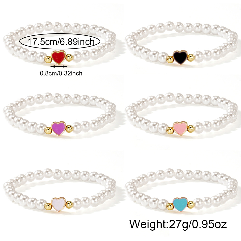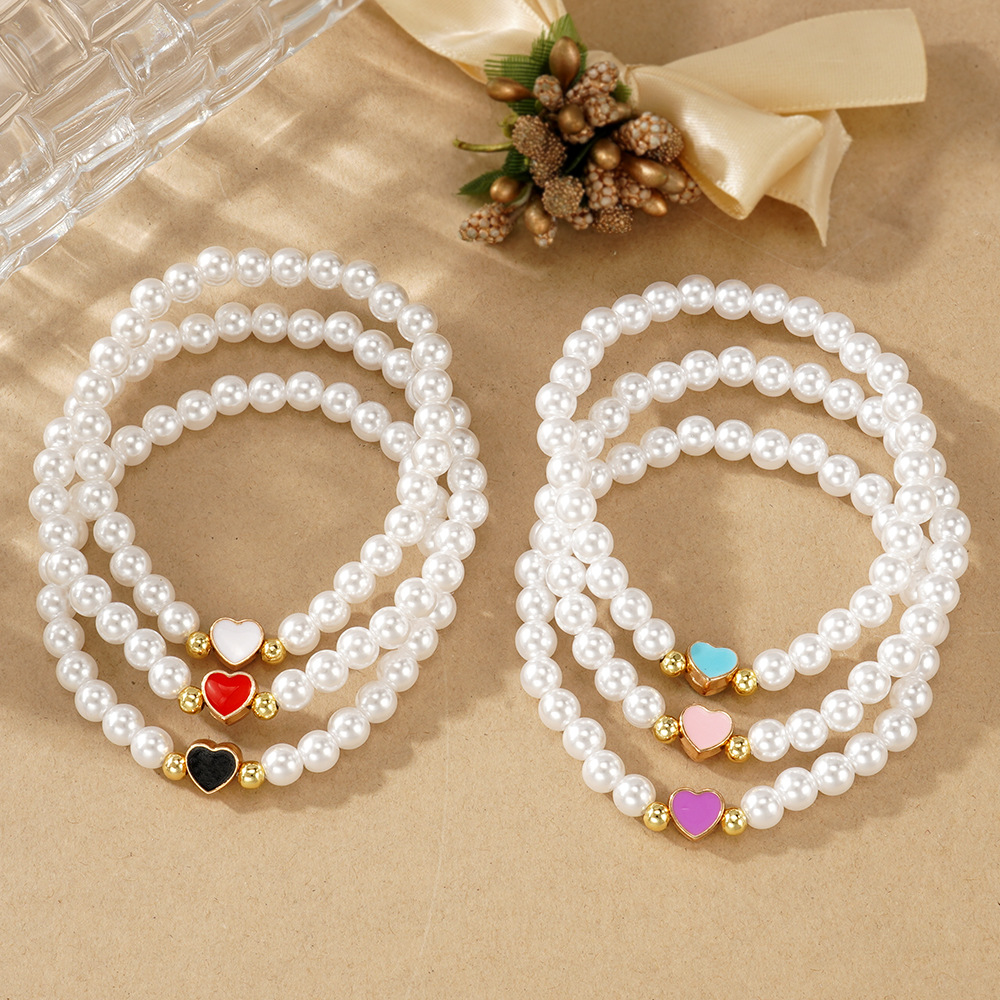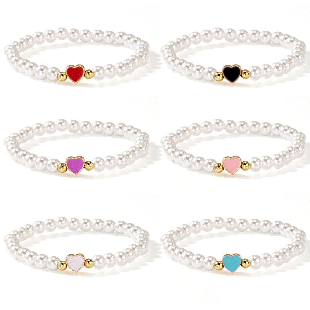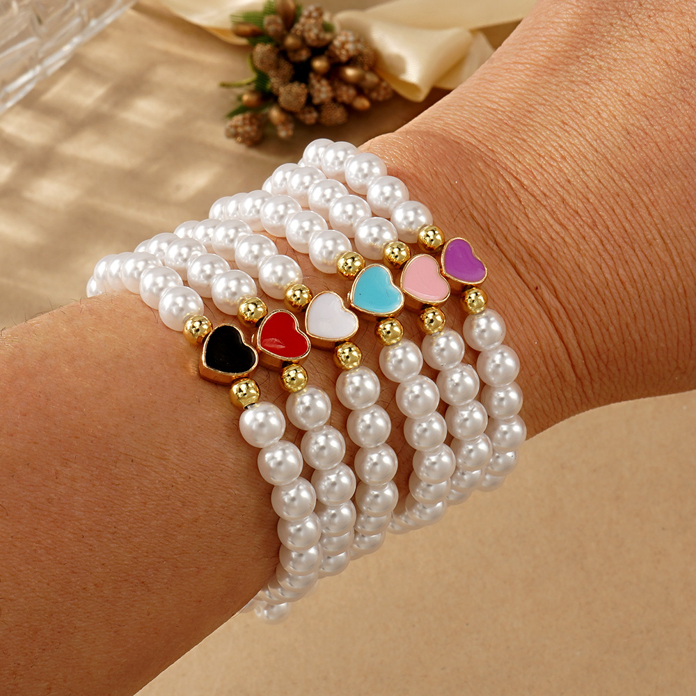 Plastic Pearl Bracelets, with Elastic Thread, Heart, different styles for choice & for woman & enamel, more colors for choice, Sold By PC
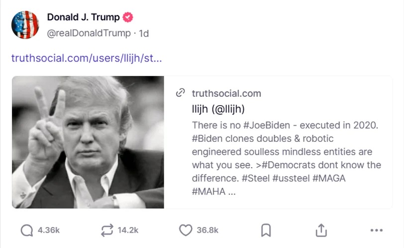 Действующий президент США Дональд Трамп разместил на своей платформе Truth Social сообщение о том, что Джо Байдена "казнили" еще в 2020 году, заменив его клоном или роботом, пишет NBC News.
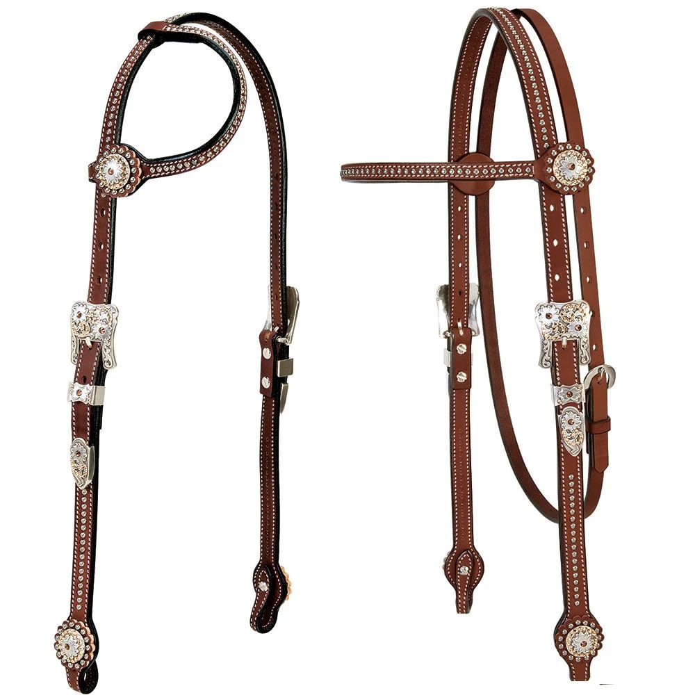 The Weaver Stacy Westfall Showtime Headstalls are high-end, handcrafted from rich brown premium English bridle leather. The addition of crystals will shine perfectly in the lights of the show ring. The smoothed and darkened leather edges coordinate perfectly with medium oiled saddles. The hardware includes etched nickle brass spots, antique sterling silver over zinc die cast conchos and buckle,loop, and tip sets with topaz crystals.Non-rust stainless steel buckle on throat latch.
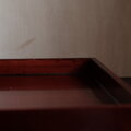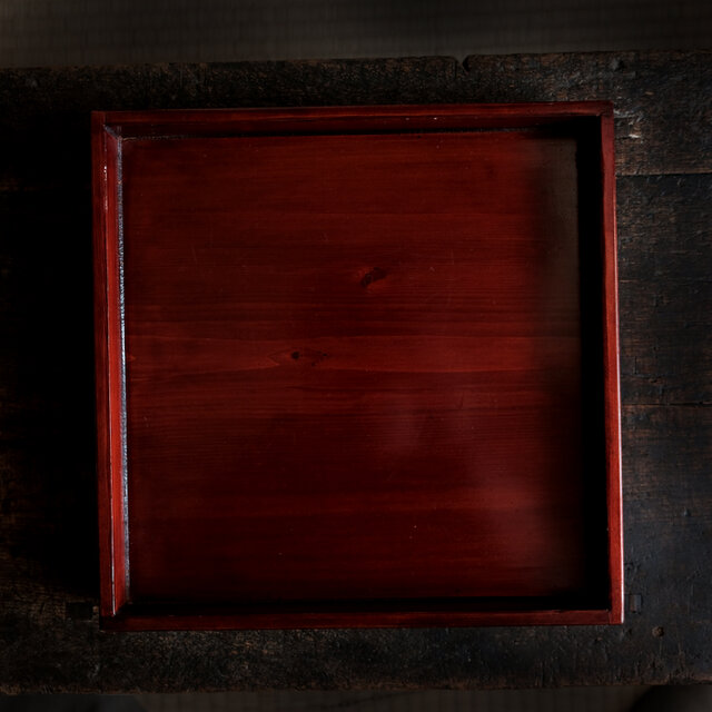 縁と盆面の繋ぎ目に木地と漆の収縮差によって生じる漆ビビや微々たる隙間など生じておりますがこの手の盆にはよく見られれる現象で、しっかりとした造りなので普通のご使用には問題ございません。
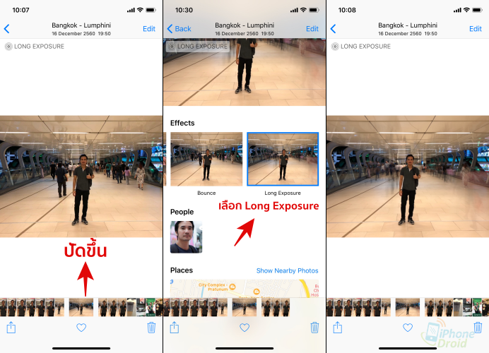 การใช้งานให้เข้าที่ Photo จากนั้นเลือกรูป Live Photo ที่ถ่ายไว้แล้วก่อนหน้านี้ และให้ “ปัดขึ้น” จากรูปที่ต้องการ จะมีให้เลือกอยู่ 4 โหมดด้วยกันครับ Live, Loop, Bounce และ Long Exposure ให้เลือกที่ Long Exposure เพื่อใช้งานครับ
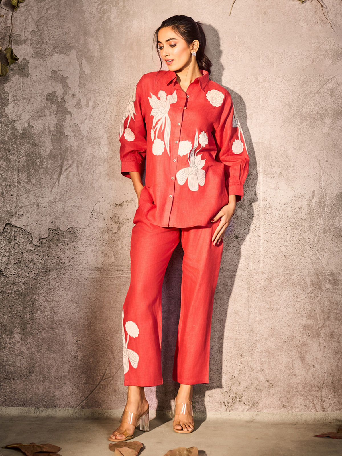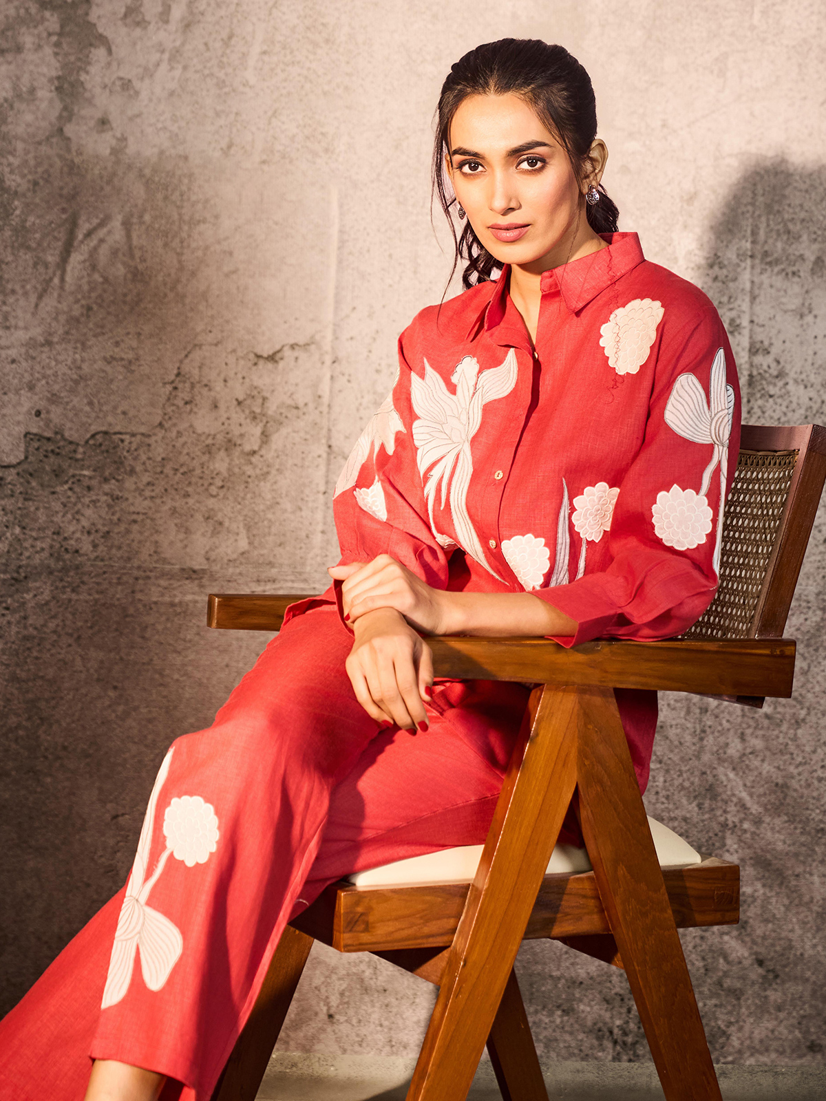 Brimming with vitality, this red printed co-ord set in soft cotton silk captures a relaxed yet spirited vibe. Featuring a collared neckline and quarter sleeves, it blends simplicity with poetic charm. The coordinated pant completes the look, creating an ensemble ideal for easy brunches and breezy outings.
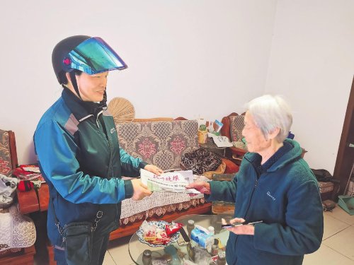 刘献梅将报纸送到孤寡老人家中。
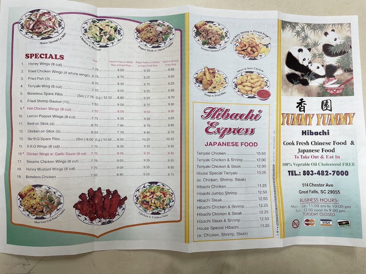 Yummy Yummy is an Asian restaurant found at 514 Chester Ave, Great Falls, SC 29055, with 29 user reviews. This venue is known for its streamlined service, as there are no wait times recorded on any day from Tuesday to Sunday. The menu features a variety of hibachi-style dishes, including the House Special Hibachi, Hibachi Steak & Shrimp, Hibachi Chicken & Steak, Hibachi Chicken & Shrimp, and Hibachi Steak. These options highlight the restaurant’s focus on grilled Asian-inspired meals that appeal to those seeking a straightforward yet tasty dining option.
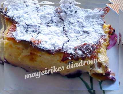 Προσθέτουμε τα φρούτα από πάνω και ψήνουμε σε ζεστό φούρνο στους 190 βαθμούς για 40 λεπτά .
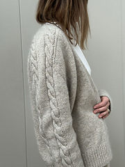 The cardigan is knitted top down in one piece and is sewing-free. Begin by casting on stitches at the centre of the back, then knit back and forth in a wide rib pattern and with cables – first over the left and then over the right shoulder. Pick up stitches along the front edges of the shoulders and the back. Then, continue knitting back and forth in the wide rib pattern with cables, while simultaneously knitting increases for the sleeves and neck and later for the arm holes.
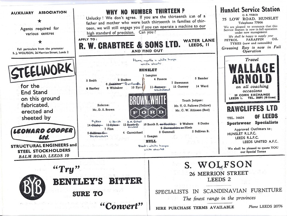1963/64 Hunslet v Hull Eastern Divisional Championship Group Match Rugby League Programme
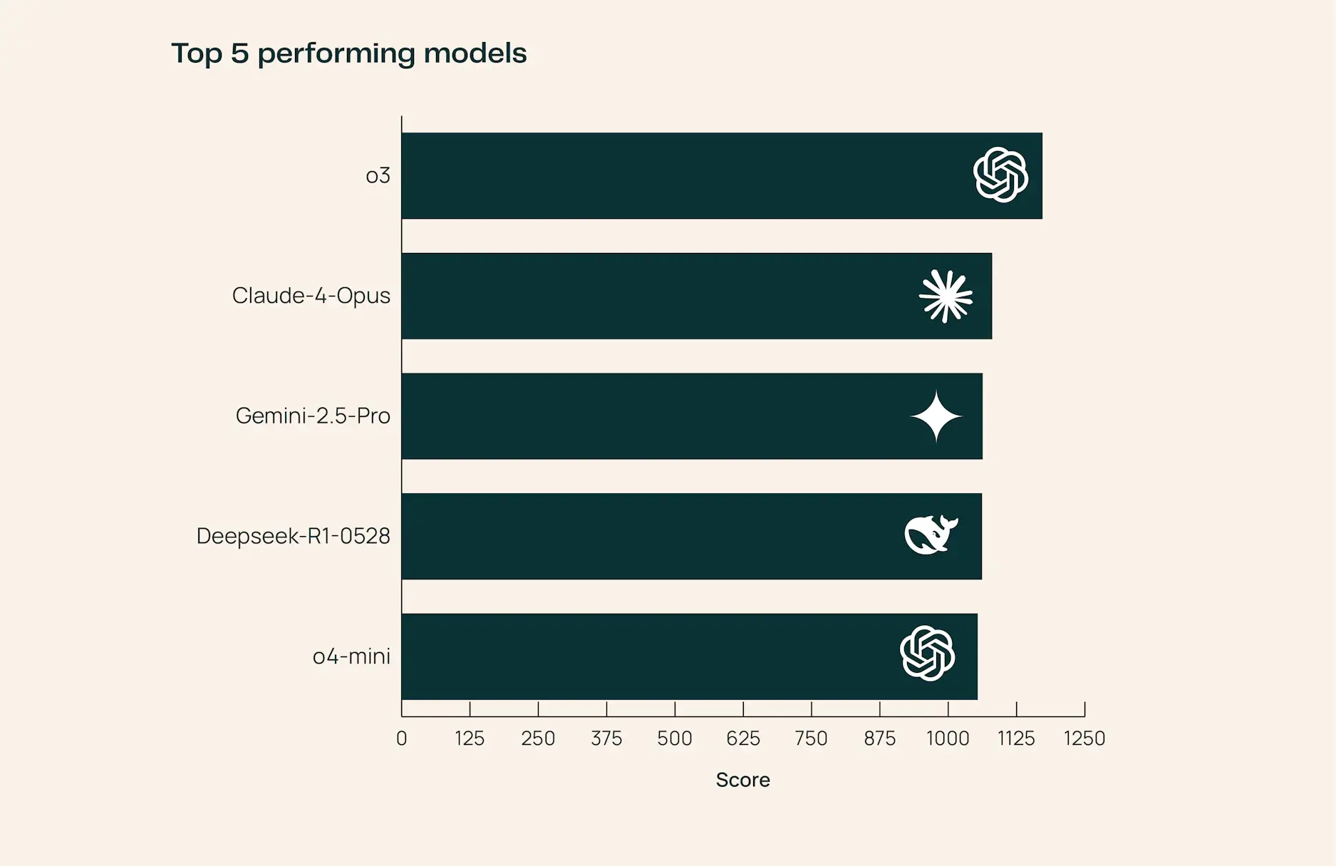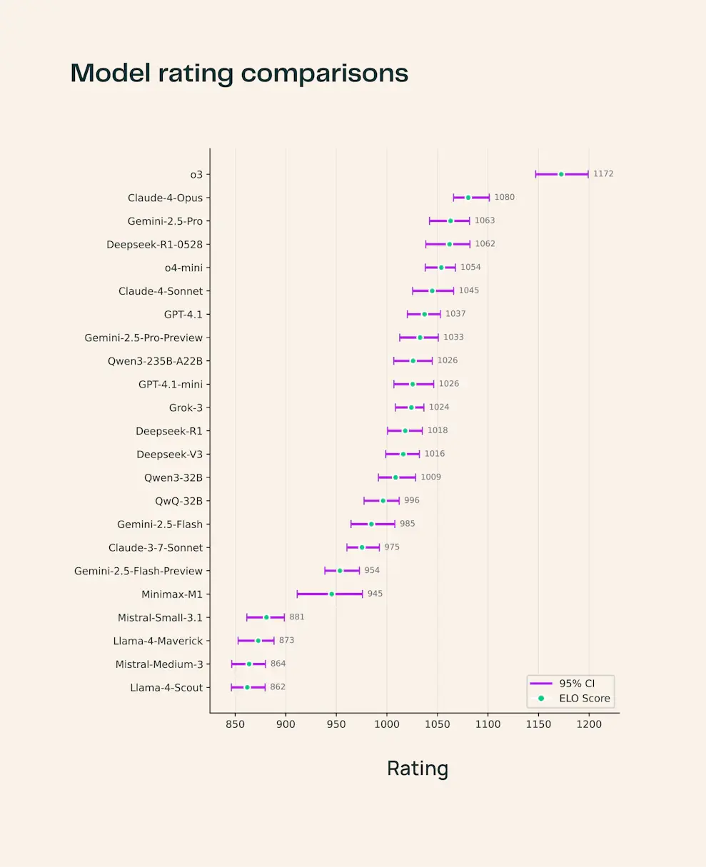 基于社区投票数据,使用 Elo 评分系统对模型进行动态排名,实时反映模型能力变化。
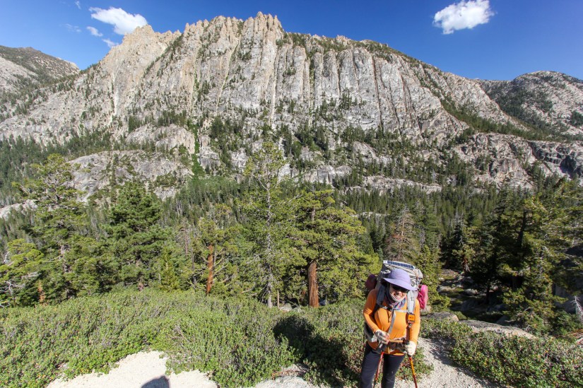 Passamos também pelo Reynolds Peak, outra parede de pedra e terminamos o dia ao lado do Sherrold Lake, com o Ebbetts Peak logo acima.
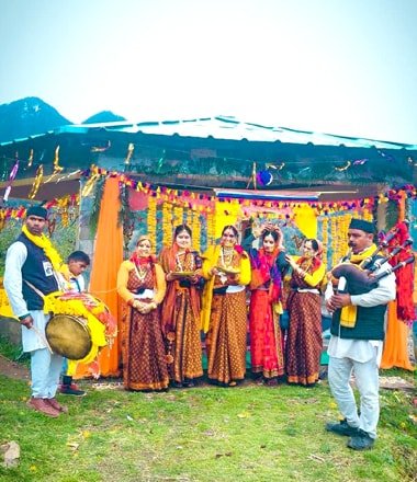 Wedding performed local touch with local traditions, (Maangal Geet), Local Instruments (Dhol , Thmao, Bagpiper on Demand Basis)
■ ■ ■ ■
Copy the records above exactly, omitting every picture.

 Plastic Pearl Bracelets, with Elastic Thread, Heart, different styles for choice & for woman & enamel, more colors for choice, Sold By PC
 Действующий президент США Дональд Трамп разместил на своей платформе Truth Social сообщение о том, что Джо Байдена "казнили" еще в 2020 году, заменив его клоном или роботом, пишет NBC News.
 The Weaver Stacy Westfall Showtime Headstalls are high-end, handcrafted from rich brown premium English bridle leather. The addition of crystals will shine perfectly in the lights of the show ring. The smoothed and darkened leather edges coordinate perfectly with medium oiled saddles. The hardware includes etched nickle brass spots, antique sterling silver over zinc die cast conchos and buckle,loop, and tip sets with topaz crystals.Non-rust stainless steel buckle on throat latch.
 縁と盆面の繋ぎ目に木地と漆の収縮差によって生じる漆ビビや微々たる隙間など生じておりますがこの手の盆にはよく見られれる現象で、しっかりとした造りなので普通のご使用には問題ございません。
 การใช้งานให้เข้าที่ Photo จากนั้นเลือกรูป Live Photo ที่ถ่ายไว้แล้วก่อนหน้านี้ และให้ “ปัดขึ้น” จากรูปที่ต้องการ จะมีให้เลือกอยู่ 4 โหมดด้วยกันครับ Live, Loop, Bounce และ Long Exposure ให้เลือกที่ Long Exposure เพื่อใช้งานครับ
 Brimming with vitality, this red printed co-ord set in soft cotton silk captures a relaxed yet spirited vibe. Featuring a collared neckline and quarter sleeves, it blends simplicity with poetic charm. The coordinated pant completes the look, creating an ensemble ideal for easy brunches and breezy outings.
 刘献梅将报纸送到孤寡老人家中。
 Yummy Yummy is an Asian restaurant found at 514 Chester Ave, Great Falls, SC 29055, with 29 user reviews. This venue is known for its streamlined service, as there are no wait times recorded on any day from Tuesday to Sunday. The menu features a variety of hibachi-style dishes, including the House Special Hibachi, Hibachi Steak & Shrimp, Hibachi Chicken & Steak, Hibachi Chicken & Shrimp, and Hibachi Steak. These options highlight the restaurant’s focus on grilled Asian-inspired meals that appeal to those seeking a straightforward yet tasty dining option.
 Προσθέτουμε τα φρούτα από πάνω και ψήνουμε σε ζεστό φούρνο στους 190 βαθμούς για 40 λεπτά .
 The cardigan is knitted top down in one piece and is sewing-free. Begin by casting on stitches at the centre of the back, then knit back and forth in a wide rib pattern and with cables – first over the left and then over the right shoulder. Pick up stitches along the front edges of the shoulders and the back. Then, continue knitting back and forth in the wide rib pattern with cables, while simultaneously knitting increases for the sleeves and neck and later for the arm holes.
1963/64 Hunslet v Hull Eastern Divisional Championship Group Match Rugby League Programme
 基于社区投票数据,使用 Elo 评分系统对模型进行动态排名,实时反映模型能力变化。
 Passamos também pelo Reynolds Peak, outra parede de pedra e terminamos o dia ao lado do Sherrold Lake, com o Ebbetts Peak logo acima.
 Wedding performed local touch with local traditions, (Maangal Geet), Local Instruments (Dhol , Thmao, Bagpiper on Demand Basis)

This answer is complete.